A mixed fraction combines a whole number with a fraction. For example, when you see a mixed fraction like \(2 \frac{4}{15}\), it means you have 2 whole parts plus \(\frac{4}{15}\) of another part.
Understanding mixed fractions is crucial as it is often the starting point in fraction problems. They are most commonly used in daily life activities, such as cooking or dividing materials, because they make it clear how much more than a whole there is of something.
To use them in calculations, mixed fractions need to be converted to improper fractions first. This involves multiplying the whole number by the fraction's denominator and then adding the numerator. So, \(2 \frac{4}{15}\) converts to \(\frac{34}{15}\) because \(2 \times 15 = 30\) and \(30 + 4 = 34\).
Remember, turning mixed into improper fractions makes complex calculations easier to handle.

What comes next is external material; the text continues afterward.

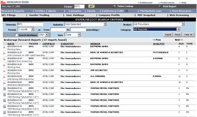 One Click Access Simply enter a ticker to view and print all of the research available on a company.

An improper fraction has a numerator that's greater than or equal to its denominator. These fractions can be useful in mathematical calculations because they are easier to manipulate in operations like multiplication and division.
Improper fractions look like \(\frac{34}{15}\), where the top number (34) is larger than the bottom number (15). Converting a mixed fraction into an improper fraction is a key step, as it allows for direct calculation, such as in multiplication \(\frac{34}{15} \times \frac{5}{6}\).
While they may not always be practical for direct interpretation without conversion back to mixed numbers, improper fractions allow us to perform mathematical operations more seamlessly. Once calculations are complete, it's often helpful to convert the result back into a mixed number for easier comprehension.

Multiplying fractions involves multiplying the numerators together for a new numerator and the denominators together for a new denominator. This operation often arises in problems where we need to find a fraction of a fraction or number.
For example, to find \(\frac{5}{6}\) of \(\frac{34}{15}\), multiply the numerators \(5\) and \(34\) to get \(170\), and the denominators \(6\) and \(15\) to get \(90\). The result is the fraction \(\frac{170}{90}\).

• Step 1: Multiply the numerators \(5 \times 34 = 170\).
• Step 2: Multiply the denominators \(6 \times 15 = 90\).
• Step 3: Combine to get \(\frac{170}{90}\).

This straightforward method shows how fractional parts interact and result in a new fraction that represents the combined or scaled part of the original amounts.

Once you have a fraction, simplifying it is essential for ease of understanding and use. Simplifying involves reducing the fraction to its simplest form, where the numerator and denominator share no common factors other than 1.
Take \(\frac{170}{90}\) as an example. To simplify, find the greatest common divisor (GCD) of the numerator and denominator. Here, the GCD is 10. Dividing both 170 and 90 by 10, we get the simplified fraction \(\frac{17}{9}\).
Checklist for Simplifying:

• Find the GCD of the numerator and denominator.
• Divide both by this GCD.
• Result in the simplest form \(\frac{17}{9}\).

Simplifying fractions is useful for clearer communication and more efficient calculations, making sure the fraction is easily interpreted and used in subsequent steps or contexts.